На Фоминой неделе, в ясный, чуть розовый вечер, в ту прелестную пору, когда земля только что вышла из-под сне­га, когда в степных лощинках еще лежит под голыми лубка­ми серый затвердевший снежок, ходил по одной елецкой деревне, от двора к двору, старик-нищий — без шапки, с длинной холщовой кисой через плечо.

Деревня эта большая, но молчаливая, полевая. Да и вечер такой выдался. Пусто было вдоль бесконечно разлившегося глинистого пруда, на ровном выгоне, где, в тени от изб и пунек, шел, держа в руке высокую ореховую палку, этот лы­сый и еще черный старик, похожий на святителя. Выгон чи­сто, ярко зеленел, в воздухе свежело, пруд, выпукло-пол­ный, зеркально-телесного тона, очень хорош был, хотя еще плавала на нем одна бутылочно-зеленая льдина. Где-то на том боку, тепло и ласково освещенном в упор низким солн­цем, — где-то, как казалось, очень далеко, — плакал ребе­нок, заблудившийся за какой-нибудь ригой или амбаром, и мило было слушать по заре его жалобный однообразный плач… Но подавали плохо.

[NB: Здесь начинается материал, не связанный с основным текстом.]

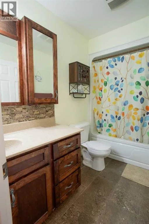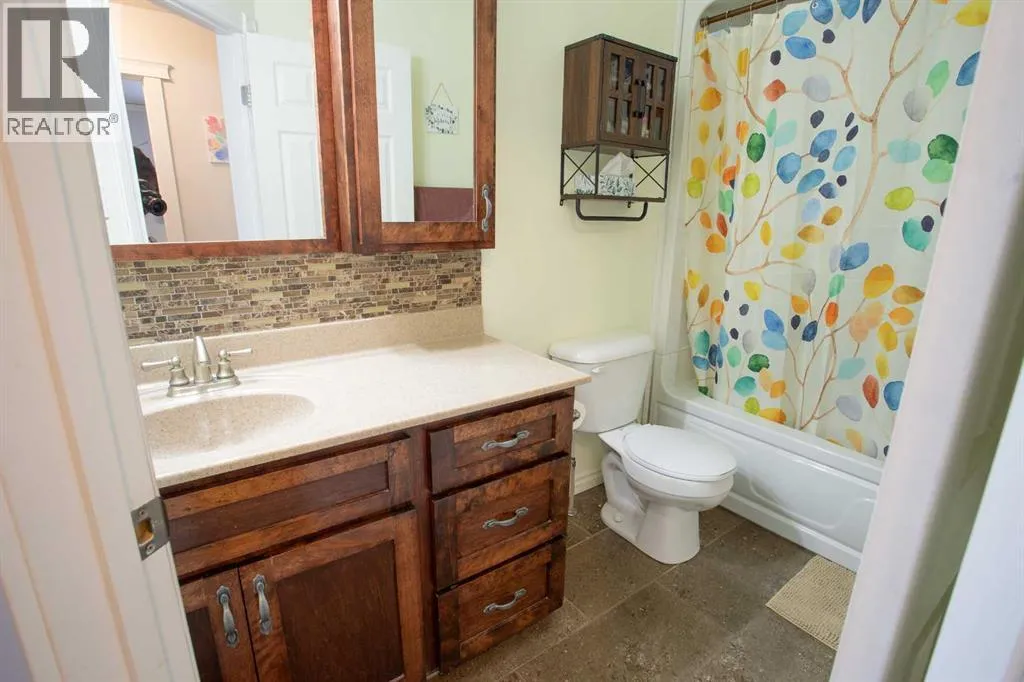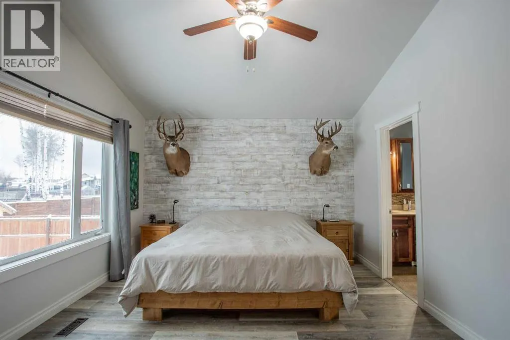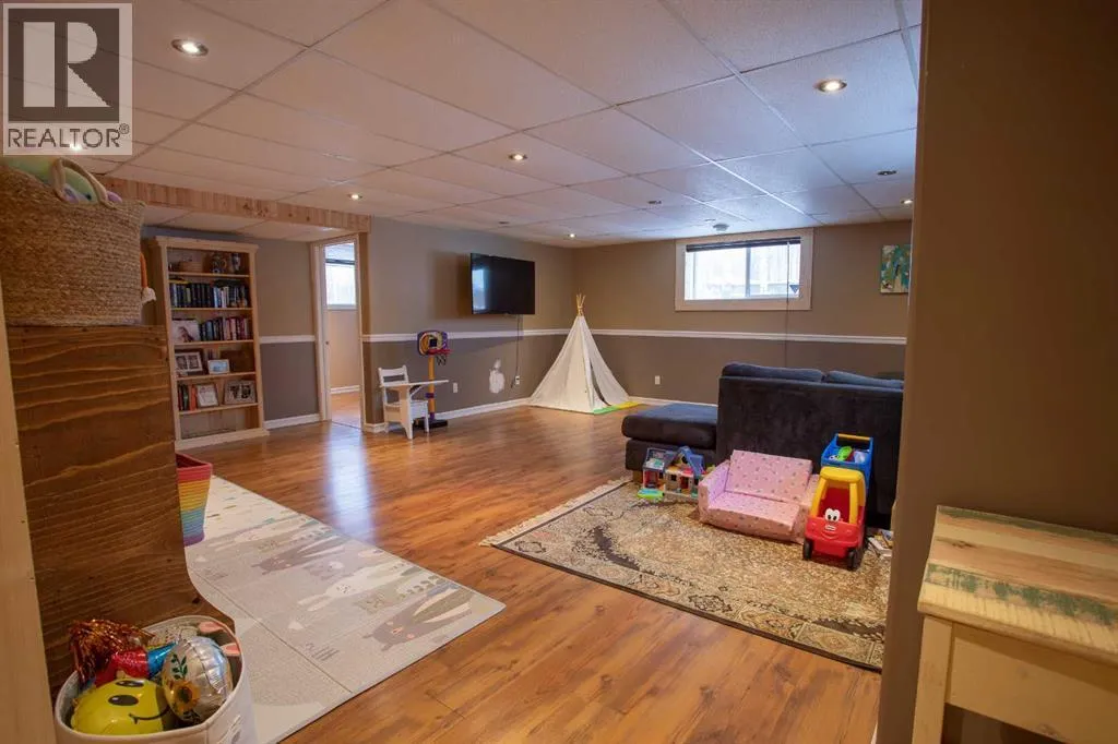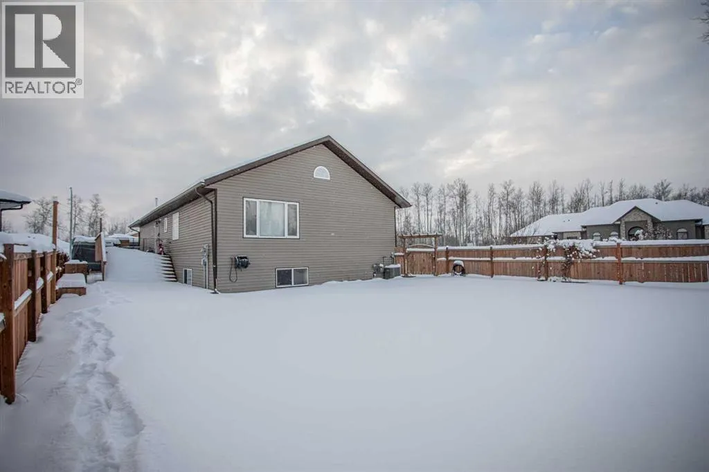 Welcome to this beautifully crafted 2,500 sq. ft. living space custom home, oozing with exceptional comfort, style, and space in one of High Levelâs most desirable areas. With high vaulted ceilings, abundant natural light, and thoughtful design throughout, this home is perfect for families seeking a blend of elegance and everyday functionality. Step into the inviting Sitting Room, complete with a handsome gas brick fireplace creating the ideal cozy gathering space for those long northern winter evenings. The Kitchen and dining areas flow seamlessly for both entertaining and day-to-day living. Off the Kitchen you will find the attached heated double garage for all your toys plus plenty of room to keep your car out of the elements. This home features 3 bedrooms down the hall, including a private Primary Suite complete with a luxurious ensuite boasting a jacuzzi tub, double sinks and a separate shower â your own personal retreat. Completing the home in the lower level you will find another well sized bedroom perfect for the teenager or overnight guest, full bath, Laundry Room and a very spacious Family Room where hours of bonding, entertaining and game nigh are certain. There is another well addressed separate work-out space or perhaps an area to unleash your creative side.  Outside, enjoy the large yard designed for both relaxation and recreation. Whether hosting friends for a late night fiesta on the fantastic deck or unwinding under the stars, the fire pit adds the perfect finishing touch to this beautiful outdoor space. With its custom design complete with central air, quality finishes, and prime location, this High Level gem offers a rare opportunity to own a truly special property. Donât miss your chance to make it yours. (id:27476)

Там, при въезде, возле старого богатого двора с вековы­ми дубами в грачиных гнездах, за красной кирпичной избой в три связи, подала молодая сероглазая бабочка, да и то пу­стяк. Стояла она у каменного порога среди подсыхающей весенней грязи, на тугой тропинке, держала сидевшую у нее на руках хорошенькую девочку с бессмысленными го­лубыми глазами, в разнолоскутном чепчике, и, прижимая ее к себе, плясала, притоптывала босыми ногами и поверты­валась, раздувая ситцевую юбку.

— Вон старик, сейчас в сумку отдам, — заговорила она сквозь зубы, впиваясь губами в щечку девочки.

 

Ппайду плясать,

Альни пол хрустит…

 

И, перевернувшись, переменила голос на звонкий, кому-то подражающий, кокетливый:

— Старик, старик, не надобно ли вам девочку? Девочка не испугалась, она спокойно сусолила толстую баранку — и мать, шутя, на все лады, стала уговаривать де­вочку отдать ее подошедшему и улыбавшемуся нищему:

— Отдай, деточка, отдай, а то мы с тобой во всем дворе одни-одинешеньки, нам и милостинку сотворить не из чего…

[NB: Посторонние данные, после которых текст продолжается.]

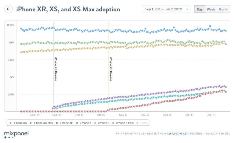 آیفون XS Max به لطف داشتن باتری با ظرفیت بیشتر، نمایشگر بزرگتر و نسبت قیمت به سخت افزار مناسب تر تا به حال بیشتر از مدل XS فروش داشته اما رقیب جدی آن نه دستگاهی از کمپانی های دیگر، بلکه محصولی ارزان قیمت تر از کارخانه خود اپل است. در گزارشی که اخیرا از سوی Mixapanel منتشر شده به خوبی مشخص است که XR همین حالا هم XS را پشت سر گذاشته و اگر به روند صعودی خود ادامه دهد ظرف چند ماه آینده حتی مدل قدرتمندتر XS Max را هم کنار می گذارد.

И девочка тупо протянула короткую ручку, свой малень­кий кулачок с зажатой в нем слюнявой котелкой. И нищий, с улыбкой качая головой на чужое счастье, взял и пошел, на ходу закусывая.

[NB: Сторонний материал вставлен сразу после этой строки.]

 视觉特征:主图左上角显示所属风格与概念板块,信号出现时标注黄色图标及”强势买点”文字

Он шел, держа палку на отлет, наготове: то кубарем ка­тится под ноги злая хрипучая шавка — и, докатившись, нео­жиданно смолкает; то желтый пушистый кобель яростно де­рет, кидает землю задними ногами, стоя возле пунъки, и ры­чит, захлебываясь, с огненными глазами… Подойдя к избе, к маленькому окошечку, нищий смиренно кланялся и ле­гонько стучал батожком в раму. Но часто никто не отзывал­ся на этот стук: еще досевали, допахивали многие, были в поле. И старая крестьянская душа даже втайне радовалась: в поле народ… это время год кормит… не до нищих… А по­рой за стеклами, в которые постукивал нищий, склонялась сидевшая на лавке с грудным на руках белолицая баба. В окошечке, маленьком, бедном, она казалась очень большой. Ничуть не стыдясь, что нищий видит ее мягкую пшеничную грудь, она махала крупной рукой в серебряных кольцах, a ребенок, не выпуская сладкого соска изо рта, лежал, смот­рел ей в лицо темными ясными глазами, драл голые каряки в розовых точках от блох. — «Бог даст, не прогневайся!» — говорила баба спокойно. Что до старух, то каждая, болез­ненно морщась, непременно высовывалась наружу и долго жаловалась, все твердила, что рада б радостью подать, да нечего… все в поле… а без спросу боязно, ее, старуху, и так заглодали… Нищий соглашался, говорил: «Ну, прости за ра­ди бога», — и шел дальше.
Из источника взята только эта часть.